Write out the listing exactly, dropping any picture it contains.

SOURCE MATERIAL:
-- -- --
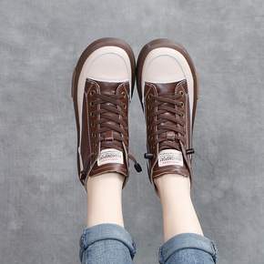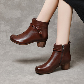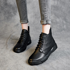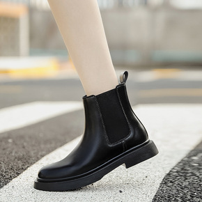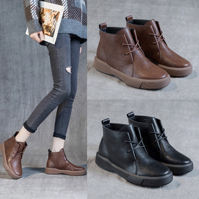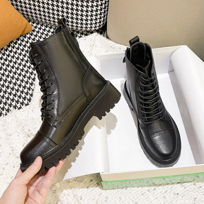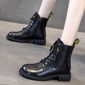 秋冬季靴子女2021新款机车靴牛皮英伦风短靴中跟真...
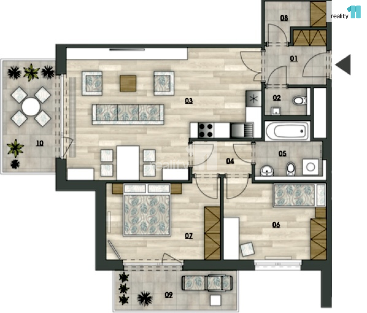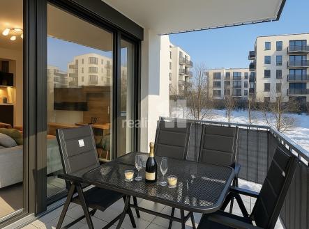 Byt 3+kk s dvěma balkóny, jedním parkovacím stáním v garáži a sklepem v Praze 9, Vysočany
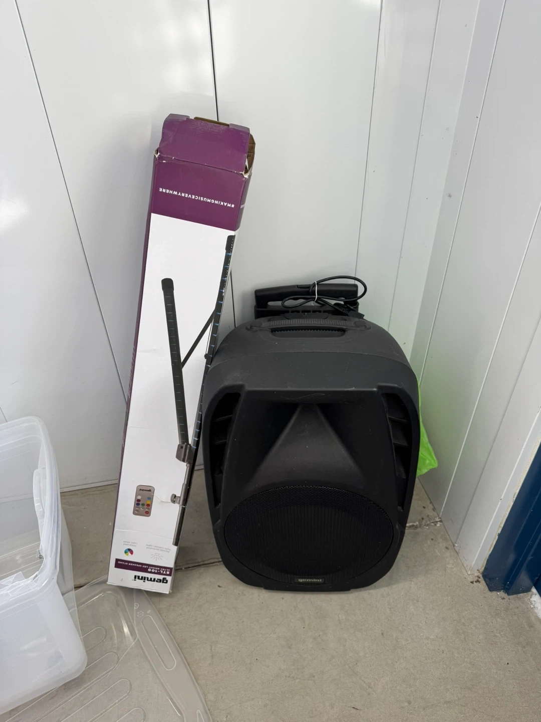 This Gemini STYL-106 portable PA speaker system comes with a light stand. It has a built-in Bluetooth receiver for wireless audio streaming. This setup is great for small gigs or events!
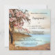 Une invitation fiançailles printanière avec une peinture d'art d'un océan avec un cerisier en fleurs et des papillons aux jolies couleurs roses. Cette conception consiste à réaliser les rêves d'un avenir magique.
-- -- --
RESPONSE BOX:
 秋冬季靴子女2021新款机车靴牛皮英伦风短靴中跟真...
 Byt 3+kk s dvěma balkóny, jedním parkovacím stáním v garáži a sklepem v Praze 9, Vysočany
 This Gemini STYL-106 portable PA speaker system comes with a light stand. It has a built-in Bluetooth receiver for wireless audio streaming. This setup is great for small gigs or events!
 Une invitation fiançailles printanière avec une peinture d'art d'un océan avec un cerisier en fleurs et des papillons aux jolies couleurs roses. Cette conception consiste à réaliser les rêves d'un avenir magique.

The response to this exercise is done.